Nella fattispecie, insieme alla vistosa sproporzione esistente tra offesa e reazione, la Corte di merito ha sottolineato che la relazione sentimentale tra la moglie dell’imputato e il S. era cessata da alcuni mesi e che fu lo stesso imputato ad andare a cercare la vittima sul suo luogo di lavoro, entrando arbitrariamente nell’automobile del rivale, per poi uscirne e sparare al suo indirizzo ben otto colpi della pistola legittimamente detenuta, svolgendo il P. l’attività di guardia giurata.

In proposito, va precisato che il discrimine tra la condotta illecita, attenuata dalla provocazione, e quella ispirata dal desiderio di vendetta o rivalsa risiede proprio nella contestualità, seppure non rigidamente interpretata, tra il fatto ingiusto altrui – che può anche protrarsi nel tempo con accumulo di tensione emotiva in chi lo subisce – e la reazione criminosa di risposta, in connessione causale tra loro, cosicchè in difetto di attualità dell’offesa, ormai esauritasi e temporalmente distante rispetto all’azione illecita, non può sussistere l’attenuante in esame che postula uno stato d’ira, ossia l’alterazione dei freni inibitori quale conseguenza immediata di un fatto scatenante avvertito, nel medesimo frangente, come ingiusto (conforme: Sez. 1, n. 16790 del 08/04/2008, dep. 23/04/2008, D’Amico, Rv. 240283).

Segue la legittima e motivata esclusione della circostanza attenuante della provocazione nella sentenza impugnata.

3.3. Parimenti infondata è la doglianza di mancato riconoscimento dell’attenuante dell’integrale risarcimento del danno, di cui all’art. 62 c.p., comma 1, n. 6, posto che, per l’integrazione di essa, è necessario che il risarcimento intervenga prima della dichiarazione di apertura del dibattimento di primo grado, mentre, nel caso in esame, esso è avvenuto nelle more del giudizio di appello con la revoca, il 20 maggio 2010, della costituzione del S. come parte civile (conforme tra le molte: Sez. 4, n. 1528 del 17/12/2009, dep. 14/01/2010, Iacchelli, Rv. 246303).

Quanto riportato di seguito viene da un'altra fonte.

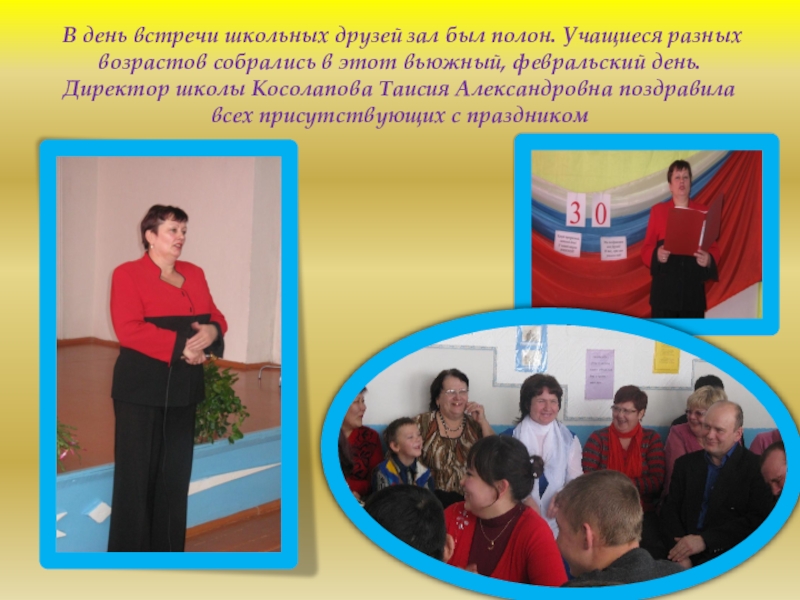 В день встречи школьных друзей зал был полон. Учащиеся разных возрастов собрались в этот вьюжный, февральский день. Директор школы Косолапова Таисия Александровна поздравила всех присутствующих с праздником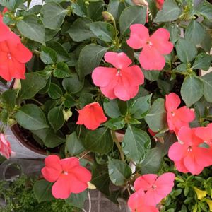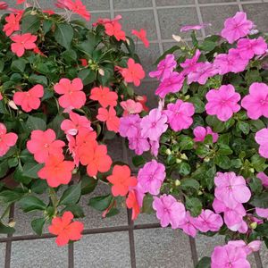 。:°ஐ*。:°ʚ♥︎ɞ*インパチェンス。:°ஐ*。:°ʚ♥︎ɞ* こぼれ種から育てたインパチェンス 花数が増えてきました。 こぼれ種からの苗も待機中なのでそろそろ定植です。

3.4. E’, infine, inammissibile la censura in tema di omessa motivazione dell’entità della pena inflitta che risulta, invece, determinata dai giudici di merito – con possibile integrazione motivazionale, sul punto, delle due conformi sentenze di primo e secondo grado – secondo una ponderata valutazione dei parametri di cui all’art. 133 cod. pen., immune da vizi giuridici e logici, come tale insindacabile nel giudizio di legittimità.

La graduazione della pena, anche rispetto agli aumenti ed alle diminuzioni previsti per le circostanze aggravanti ed attenuanti, rientra, infatti, nella discrezionalità del giudice di merito, il quale la esercita, così come per fissare la pena base, in aderenza ai principi enunciati negli artt. 132 e 133 cod. pen., sicchè è inammissibile la censura che, nel giudizio di cassazione, miri ad una nuova valutazione della congruità della pena (Sez. 3, n. 1182 del 17/10/2007, dep. 11/01/2008, Cilia, Rv. 238851).

4. Segue il rigetto del ricorso e la condanna del ricorrente al pagamento delle spese processuali.

P.Q.M.

Rigetta il ricorso e condanna il ricorrente al pagamento delle spese processuali.

Testo non ufficiale. La sola stampa del bollettino ufficiale ha carattere legale.